• **Aim of the task**
Where an entry below contains an image, skip the image and reproduce the rest exactly.

• **Given entries**
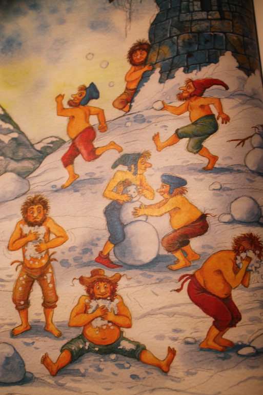Очень нравится такая иллюстрация, на которой разбойники лепят снеговика и веселятся как дети!
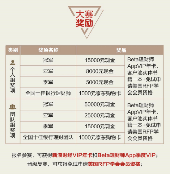 大赛复赛结束后,将根据个人赛和团队赛中各银行入围的选手数量和选手成绩,按综合成绩排名选出五家银行颁发“卓越理财师培育奖”。
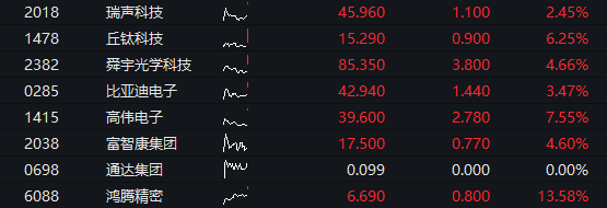 港股苹果概念股同样打仗,鸿腾精密涨13.92%、高伟电子涨7.77%、丘钛科技涨6.78%、蓝思科技涨6.03%。
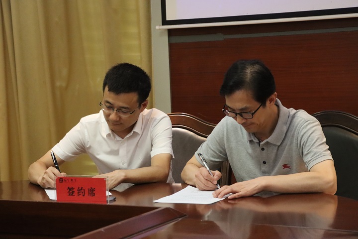 监利中学校长覃忠介绍学校基本情况,并和william威廉中文党委书记杨克非在共建协议上签字。
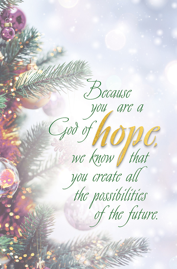 Bulletin reads: Because you are a God of hope, we know that you create all the possibilitiers for the future. Bulletin is 8.5" x 11" unfolded and 5.5" x 8.5" folded. Sold in packs of 50. Also available in a large size bulletin.
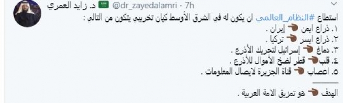 وقال في تغريدة عبر "تويتر" رصدها "المشهد العربي": "استطاع النظام العالمي أن يكون له في الشرق الأوسط كيان تخريبي يتكون من التالي ذراع أيمن إيران.. ذراع أيسر تركيا.. دماغ إسرائيل لتحريك الأذرع.. قلب قطر لضخ الأموال للأذرع.. أعصاب قناة الجزيرة لإيصال المعلومات.. الهدف هو تمزيق الامة العربية".

• **Response to the exercise**
Очень нравится такая иллюстрация, на которой разбойники лепят снеговика и веселятся как дети!
 大赛复赛结束后,将根据个人赛和团队赛中各银行入围的选手数量和选手成绩,按综合成绩排名选出五家银行颁发“卓越理财师培育奖”。
 港股苹果概念股同样打仗,鸿腾精密涨13.92%、高伟电子涨7.77%、丘钛科技涨6.78%、蓝思科技涨6.03%。
 监利中学校长覃忠介绍学校基本情况,并和william威廉中文党委书记杨克非在共建协议上签字。
 Bulletin reads: Because you are a God of hope, we know that you create all the possibilitiers for the future. Bulletin is 8.5" x 11" unfolded and 5.5" x 8.5" folded. Sold in packs of 50. Also available in a large size bulletin.
 وقال في تغريدة عبر "تويتر" رصدها "المشهد العربي": "استطاع النظام العالمي أن يكون له في الشرق الأوسط كيان تخريبي يتكون من التالي ذراع أيمن إيران.. ذراع أيسر تركيا.. دماغ إسرائيل لتحريك الأذرع.. قلب قطر لضخ الأموال للأذرع.. أعصاب قناة الجزيرة لإيصال المعلومات.. الهدف هو تمزيق الامة العربية".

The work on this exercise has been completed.